For that reason, UCC filings are routinely used in non-debt and contingent commercial arrangements, including sales of receivables and payment intangibles, factoring transactions, royalty and revenue participations, earn-out and contingent purchase price structures, and structured settlement payment rights.
Litigation funding fits squarely within this category. The filing protects priority in a contingent asset. It does not transform the transaction into a loan.
Cost and Process Are Not Barriers
UCC filings are inexpensive and ministerial. Filing fees are nominal, filings are completed online in minutes, and Article 9 does not require a financing statement to be prepared or submitted by an attorney.
Where consumer funders historically have not filed, the explanation lies in legacy practice and perceived optics rather than cost or operational burden.

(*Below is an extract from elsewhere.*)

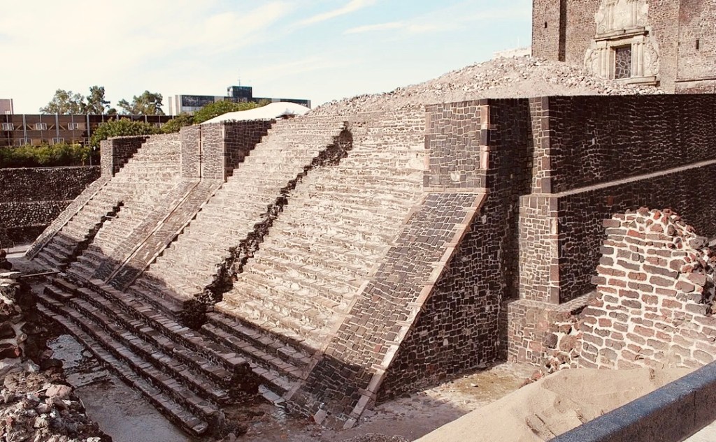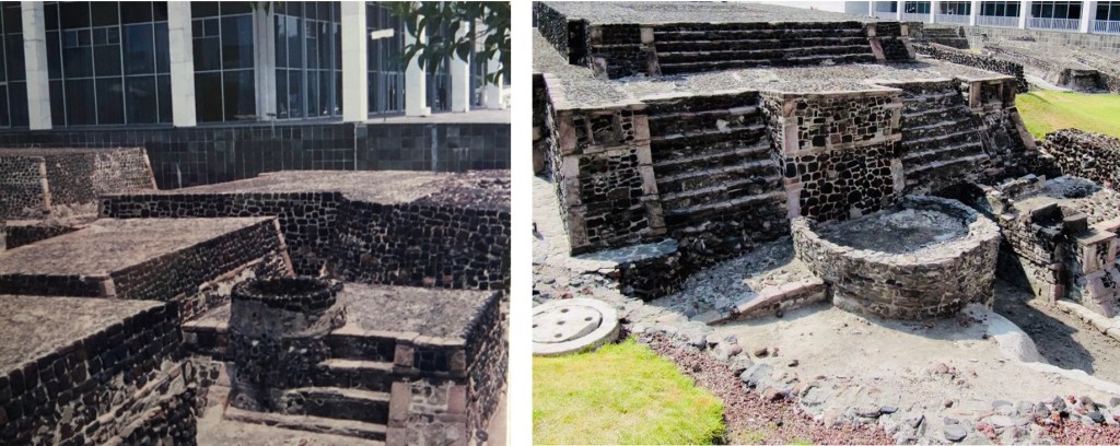 Les ruines datent du quatorzième siècle. Il y avait là une petite ville, Tlatelolco, construite en 1337 par les aztèques, en périphérie de la grande Teotihuacàn et connue pour son marché. Évidemment, il n’en reste pas grand chose aujourd’hui, et on peut se demander pourquoi de si modestes ruines sont aussi connues: et bien c’est ici précisément que Cuauhtemoc, le dernier empereur aztèque, s’était retranché et qu’il a livré et donc perdu, son ultime bataille face aux espagnols. La place des trois cultures est le dernier bastion de résistance indigène et mes collègues étaient encore fiers 500 ans après, de la bravoure de leurs ancêtres face aux colonisateurs. Cela dit, sans couloir les vexer, ils avaient autant d’ancêtres d’un côté que de l’autre…voire même plus du côté espagnol d’ailleurs. Et même européen, je pense notamment à un petit blondinet gringalet aux yeux bleus, plus pâle que moi et répondant au surprenant prénom d’adolfo…je ne veux pas m’avancer trop, mais je doute que ce pauvre garçon est eu le moindre ancêtre, aztèque ou espagnol, sur la place des trois cultures en 1521. Ni même à Mexico avant 1945, par là… Je m’éloigne du sujet. Revenons aux aztèques. Après une dernière boucherie où plus de 40000 aztèques ont été massacrés, Cuauhtemoc a capitulé à cet endroit même, le 13 août 1521…de suite, cette petite place prend toute son importance dans l’imaginaire national mexicain. On voit encore les restes du templo mayor, la grande pyramide centrale et ceux du palais de Cuauhtemoc.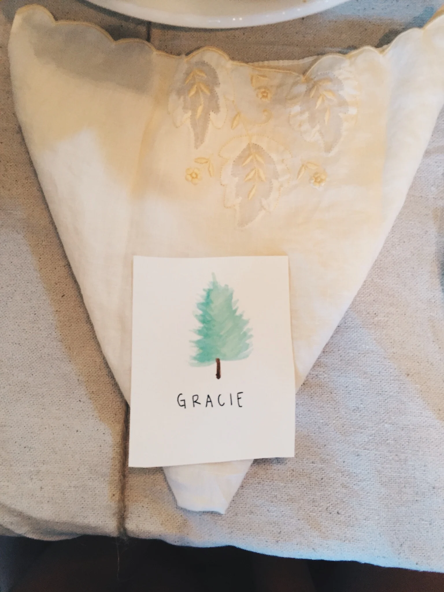 I love tiny details because they pull things together so well and really give them a finished look, so I watercolored little food-tags for each thing that I made. I also watercolored placecards for each girl.

Filing Location: Consumer and Commercial Distinction
In consumer litigation funding, perfection is typically achieved through a single UCC filing in the state where the funded individual is domiciled. The filing follows the debtor, not the lawsuit, defendant, or forum. If the funded party later changes domicile, Article 9 provides a grace period to maintain continuous perfection.
In commercial litigation funding, filing analysis may require additional attention. For entity debtors, filing is generally made in the state of formation, but additional filings or perfection steps may be appropriate depending on debtor structure, collateral type, deposit accounts, or cross-border considerations. While commercial transactions may require more analysis, perfection remains routine and manageable.
In both contexts, the effort required to perfect is modest relative to the downside risk of remaining unsecured.
Model Consumer Funding Clause
The following reflects market-standard consumer funding language and may be adapted to transaction-specific needs:
UCC Filing and Security Interest
To protect its interest in the proceeds of the funded claim, the funder may file a Uniform Commercial Code financing statement in the state where the funded party is domiciled. This filing is for notice and priority purposes only. It does not create a loan, does not impose personal liability, and does not require repayment unless there is a recovery. The filing does not give the funder any right to control the litigation or settlement decisions, all of which remain with the funded party and counsel.
Transaction-specific considerations, including repeat advances or changes in domicile, may warrant tailored treatment.
Closing Perspective
It is worth noting that this article focuses exclusively on transactions in the United States. Foreign jurisdictions have their own rules and regulations regarding perfection and priority for security interests. UCC filings are not a signal of mistrust, control, or debt financing. They are routine infrastructure in a maturing litigation funding market. Properly structured, they protect funders, impose no meaningful burden on funded parties, and ensure that agreed economics hold in circumstances the parties cannot control.